Марк Антоний покачал головой:
— Насколько я слышал, беспорядки на похоронах Клодия возникли потому, что кое-кто не рассуждал здраво. — Он помолчал, чтобы собравшиеся посмеялись: все знали, что теперь он женат на вдове Клодия, Фульвии. — Как консул, я буду руководить погребением Цезаря и ручаюсь за поддержание порядка, — заявил Антоний.
Кассий Лонгин сердито махнул рукой, давая понять, что он все равно против. На мгновение перемирие оказалось под угрозой, но потом встал Брут.
— Находящиеся в городе ветераны Цезаря не поймут, почему их главноначальствующему отказывают в публичных похоронах, — сказал он. — Кроме того, если мы сбросим тело завоевателя в Тибр, как поведут себя галлы — говорят, что они уже замышляют восстание? Я разделяю сомнения Кассия, но у нас, воистину, нет выбора. Поэтому ради согласия и дружбы я поддерживаю предложение.
Цицерон ничего не сказал, и предложение было принято.
Завещание Цезаря огласили на следующий день в доме Антония, стоявшем на холме чуть выше подножия. Цицерон хорошо знал это жилище: Помпей сделал его своим главным местопребыванием, прежде чем переехал в новый дворец на Марсово поле. Антоний, руководя продажей с торгов имущества, изъятого у противников Цезаря, продал дом самому себе по дешевке.
Там мало что изменилось. Знаменитые тараны с пиратских трирем — свидетельства великих морских побед Помпея — все еще были укреплены на стенах снаружи, а внутри сохранились искусно сработанные украшения, почти не тронутые.
Цицерона встревожило возвращение в это место, особенно когда его встретил хмурый взгляд Фульвии, новой хозяйки виллы. Она ненавидела Цицерона, будучи замужем за Клодием, а теперь, выйдя за Антония, возненавидела заново — и не делала никаких попыток скрыть это. Едва увидев знаменитого оратора, она повернулась к нему спиной и принялась разговаривать с кем-то другим.
— Какая бесстыдная пара грабителей могил, — прошептал мне Цицерон. — И конечно же, эта гарпия оказалась именно здесь! А вообще-то, почему она здесь? Даже вдовы Цезаря тут нет. Какое дело Фульвии до оглашения его завещания?

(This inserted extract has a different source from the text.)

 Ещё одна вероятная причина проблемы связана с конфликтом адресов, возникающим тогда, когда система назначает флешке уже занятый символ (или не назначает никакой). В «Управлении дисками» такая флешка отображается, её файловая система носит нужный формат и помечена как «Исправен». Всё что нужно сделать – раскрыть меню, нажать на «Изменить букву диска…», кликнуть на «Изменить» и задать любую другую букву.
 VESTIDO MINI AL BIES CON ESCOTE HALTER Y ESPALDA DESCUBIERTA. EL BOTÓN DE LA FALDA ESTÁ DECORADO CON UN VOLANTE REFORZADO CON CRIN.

Но такой была Фульвия. Она больше любой другой женщины Рима — даже больше Сервилии, бывшей любовницы Цезаря, которая имела, по крайней мере, достаточно благородства, чтобы действовать втайне, — любила соваться в государственные дела. Наблюдая за тем, как она переходит от одного гостя к другому, направляя всех в комнату, где должны были зачитать завещание, я внезапно почувствовал неуверенность: а вдруг именно она стоит за умелыми действиями Антония, направленными на примирение? Тогда все предстало бы в совершенно ином свете.
Пизон забрался на низкий стол, чтобы все могли его видеть. С одной стороны от него стоял Антоний, с другой — главная весталка. Здесь собрались самые выдающиеся люди республики. Показав восковую печать — та была нетронута, как и полагалось, — Пизон сломал ее и начал читать.

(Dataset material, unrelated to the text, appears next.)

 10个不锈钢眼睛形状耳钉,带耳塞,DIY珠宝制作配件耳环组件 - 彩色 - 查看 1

Сначала завещание, смысл которого был сильно затемнен законническим языком, казалось совершенно безобидным. Цезарь оставлял все состояние тому сыну, который мог бы родиться у него после составления завещания. Однако при отсутствии сына имущество переходило к трем потомкам мужского пола его покойной сестры, то есть Луцию Пинарию, Квинту Педию и Гаю Октавию, и делилось между ними следующим образом: по одной восьмой — Пинарию и Педию и три четверти — Октавию, который объявлялся его приемным сыном под именем Гай Юлий Цезарь Октавиан…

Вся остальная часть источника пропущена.